The third way the concept is being used is an ideological one, he added, and much of that permeates the corridors of the WTO where people who are concerned about the lack of support or increasing hostility to liberalisation that is being seen in many countries around the world, and there is an interest in reviving support for trade liberalisation.
Many proponents of GVCs are arguing that the logic of globalisation and GVCs suggest that the most efficient way to improve your chances of participating, of gaining from globalisation is to reduce barriers and increase efficiency of these GVCs, and participate in these GVCs. They hope this argument will have the effect of gaining support for liberalisation and improving the possibilities for the round itself, and for the impasse to be broken, he said.
"I think this argument is flawed... and does not offer us a way out of the current crisis," said Ambassador Faizel.
On the way forward, he said that there is need to begin a different dialogue. One of the key principles to base the system on is fair trade, equal opportunities, and levelling the playing field. The second principle should be about capacity-building. Many countries don't have the capacity to produce and export, and they need to be assisted. Thirdly, the rules should be fair and allow everyone to act in ways that promote their development. It should not close off opportunities for development and policy space. It should be inclusive and allow for the participation of countries.
"And the course that some of the proponents of global value chains, and certainly some of the major players in this system are taking today, the plurilateral route, the so-called variable geometry route, these are going to marginalise even more many of the developing countries and particularly the smaller countries from the system, because the whole idea is based on starting with a few countries and then imposing the will of the few on the rest."

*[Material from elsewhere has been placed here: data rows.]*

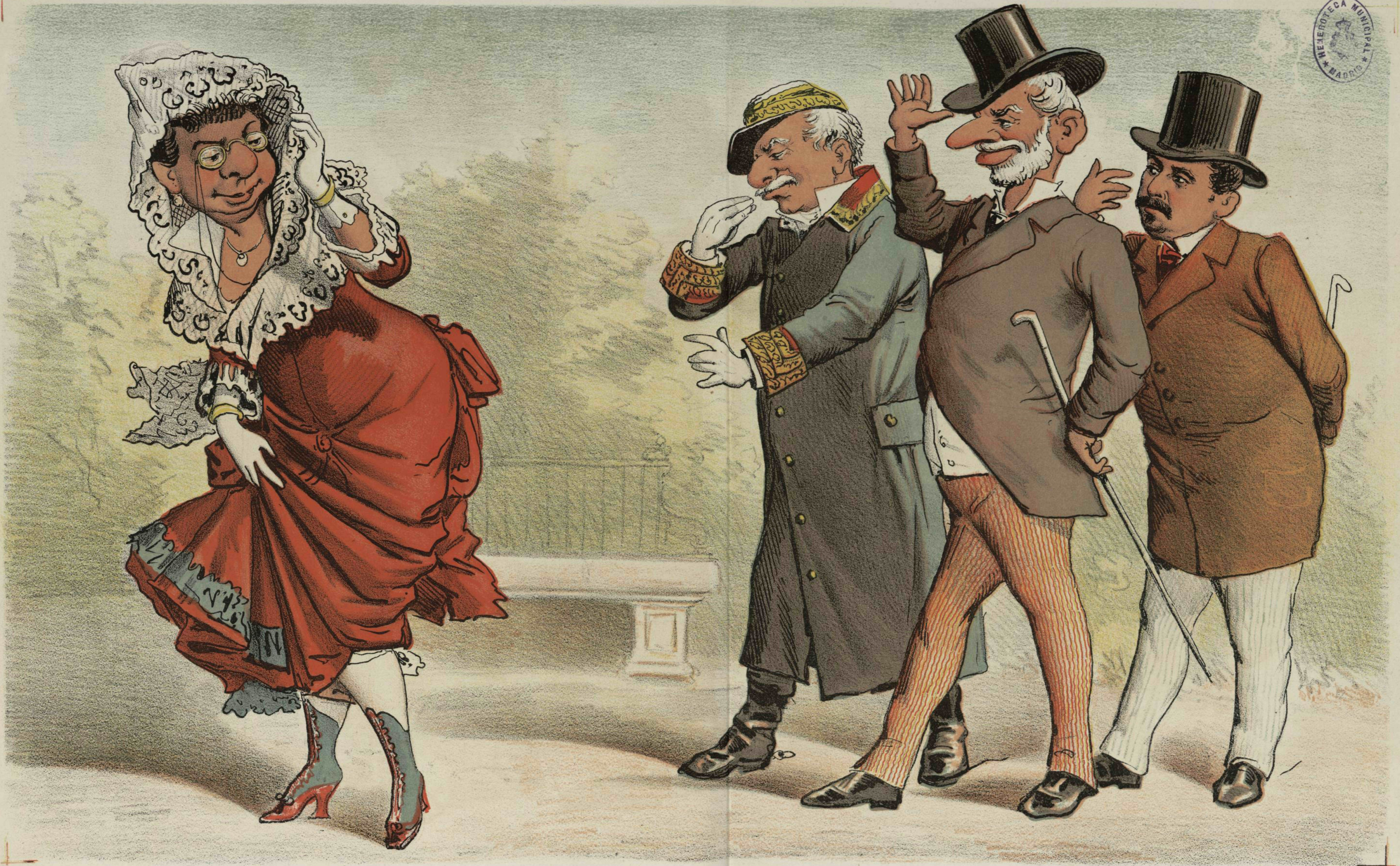
Honestidad política de Martos.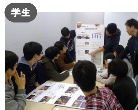
学生 KG都市研究所・魅力発見隊 かなざわの「魅力」で 「交流」する!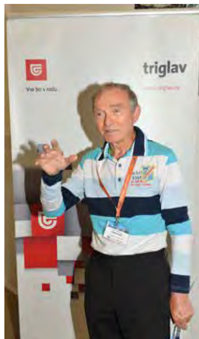
Avtor prispevka pred avditorijem.

Ko govorimo o športnem turizmu v povezavi s Triglavom in njegovim visokogorskim okoljem, moramo zaradi generacij Slovencev in Slovencev, ki prihajajo za nami, posebej upoštevati tudi načela trajnostnega športnega turizma. To v bistvu pomeni, da naj obiskovalci, posamezne izbrane dejavnosti, ki se izvajajo v navedenem gorskem okolju, torej pohodništvo, planinstvo, gornišstvo ali alpinizem, upoštevajo sedanje in bodoče ekološke vplive ter potrebe okolja in okoliškega prebivalstva.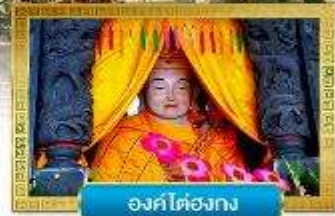
องค์ไตองกง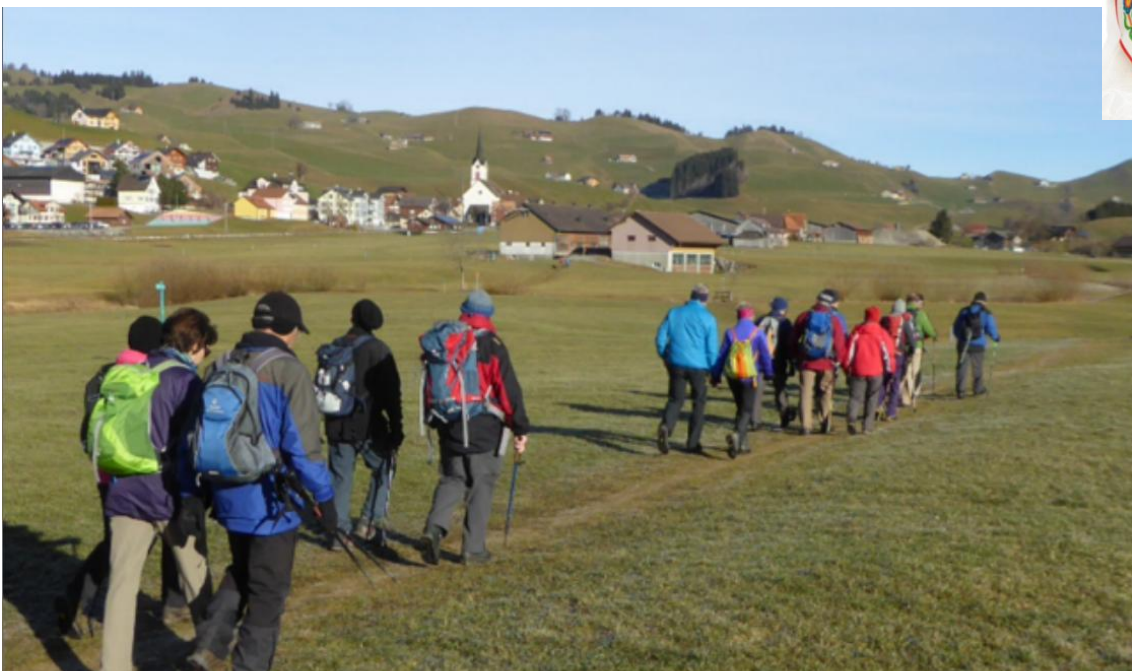
Barfussweg bei Gonten ( Biberli Highway )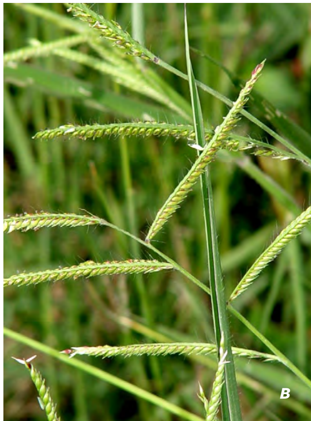
Urochloa mosambicensis (Hack.) Dandy A hojas/ leaves ; B inflorescencias/ inflorescences .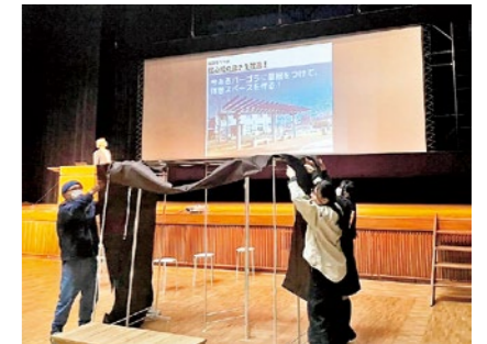
大道具などを用いた舞台づくりを工夫し雨風をしのげる屋根をその場で表現しました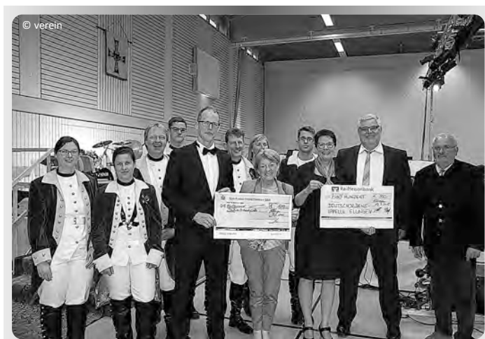
Spendenübergabe mit den beiden Ellinger Banken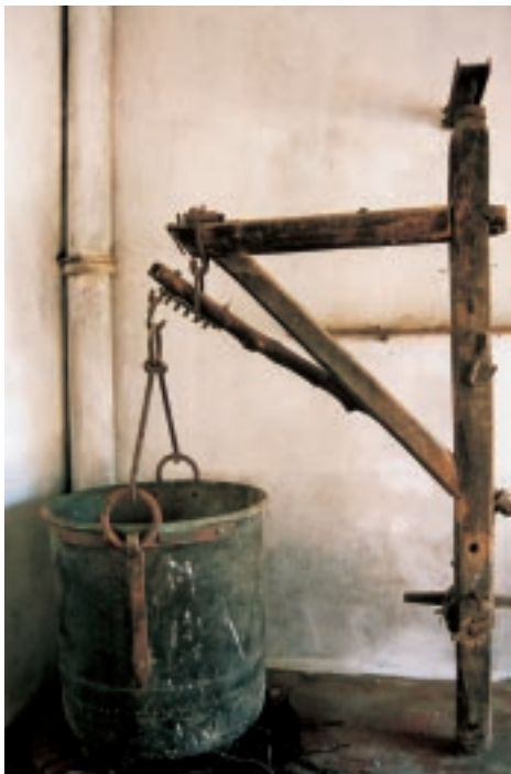
Fig. 7 - "Sa labia". Caldaia in rame appartenente alla famiglia Addis di Tergu. E' sostenuta da un argano in legno detto "su criccu". Nella fossa sottostante venivano bruciate fascine per scaldare il latte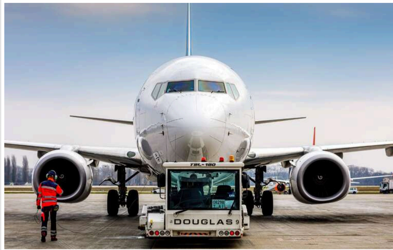
Які оклади отримують керівники аеропортів під час повномасштабної війни, - ЗМІ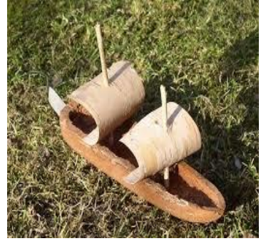
«Куколки девочкам и кораблики мальчикам»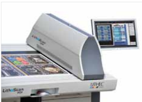
LithoScan PDF mit universalem Sensorträger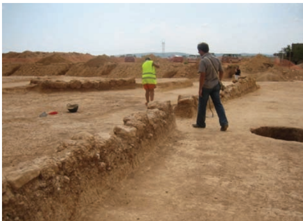
"La Rambla de Rozaleme". Vista general.

Se llevó a cabo una investigación histórica sobre el propio edificio, así como de la familia que lo construyó.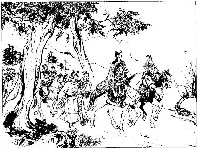
(11) 汉王便将元帅印取归大营，韩信、张耳随于马后步行。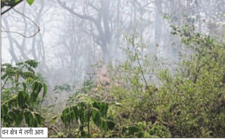
वन क्षेत्र में लगी आग

जयन्त प्रतिनिधि। कोटद्वार : लैसडौन वन प्रभाग के अंतर्गत जंगलों में लगी आग लगातार विकराल रूप लेती जा रही है। तेज गर्मी और सूखे मौसम के कारण आग तेजी से फैल रही है, जिससे आसपास के क्षेत्रों में दहशत का माहौल बना हुआ है। आग अब धीरे-धीरे परिसर और जवहरी गांव के जंगलों तक पहुंचने लगी है। इससे चौड़ा और मिश्रित वन संपदा को नुकसान हो रहा है। ग्रामीणों का कहना है कि पिछले कई दिनों से क्षेत्र में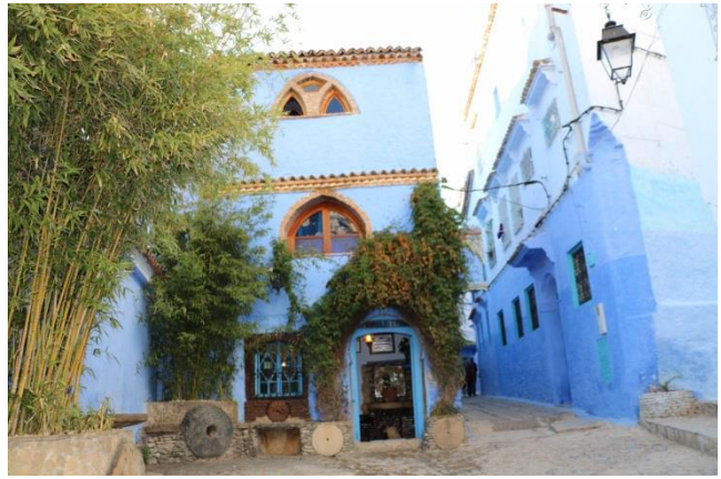
“Chefchaouen: la città blu”

al parcheggio (GPS= N=35°09'57,90" O=05°15'42,60" m. 550 s.l.m.) alle 16,00. Inizia così la prima visita in terra marocchina. Percorriamo su e giù la “ medina ” di questa simpatica cittadina tutta colorata di blu e scattiamo molte foto. La città fu fondata nel 1471 da Moulay Ali ben Rachid, vietata agli occidentali fino al 1920, si trova nel cuore della “ catena montuosa del Rif ”. Ha una medina piccola e tranquilla formata da case imbiancate a calce con la base di azzurro elettrico che la rendono affascinante. Terminata la visita, alle 17,30 circa, riprendiamo i nostri mezzi e ci dirigiamo nuovamente verso sud sulla N-13 in direzione “ Moulay Idriss ”. Dobbiamo percorrere ancora quasi 200 chilometri circa di strada! Arriviamo al campeggio alle 21,30: Camping Zerhoun Belle Vue (GPS= N=34°00'51,50" O=05°33'42,80" m. 460 s.l.m.). Il campeggio è di discreto livello con piscina e una vista stupenda sul paesaggio circostante.

"This is not a correct principle for multilateralism," the South African envoy stressed. This narrative of GVCs does not add anything really new to the debate. It really talks about more of the same - more about trade liberalisation.
"It's a wrong analysis of reality because it talks of the market as if it's a self-regulating machine. It doesn't provide a correct policy response to the current crisis we have of globalisation, in the WTO the crisis of Doha, and the crisis of multilateralism. Therefore, we need a discourse, a new dialogue amongst developing countries, between developing and developed countries, between NGOs and governments, academics and intellectuals, about how we would want to rebuild this multilateral system which was constructed ... by a few people in the interest of the few. How do we construct this in a way which serves the interests of all," he concluded.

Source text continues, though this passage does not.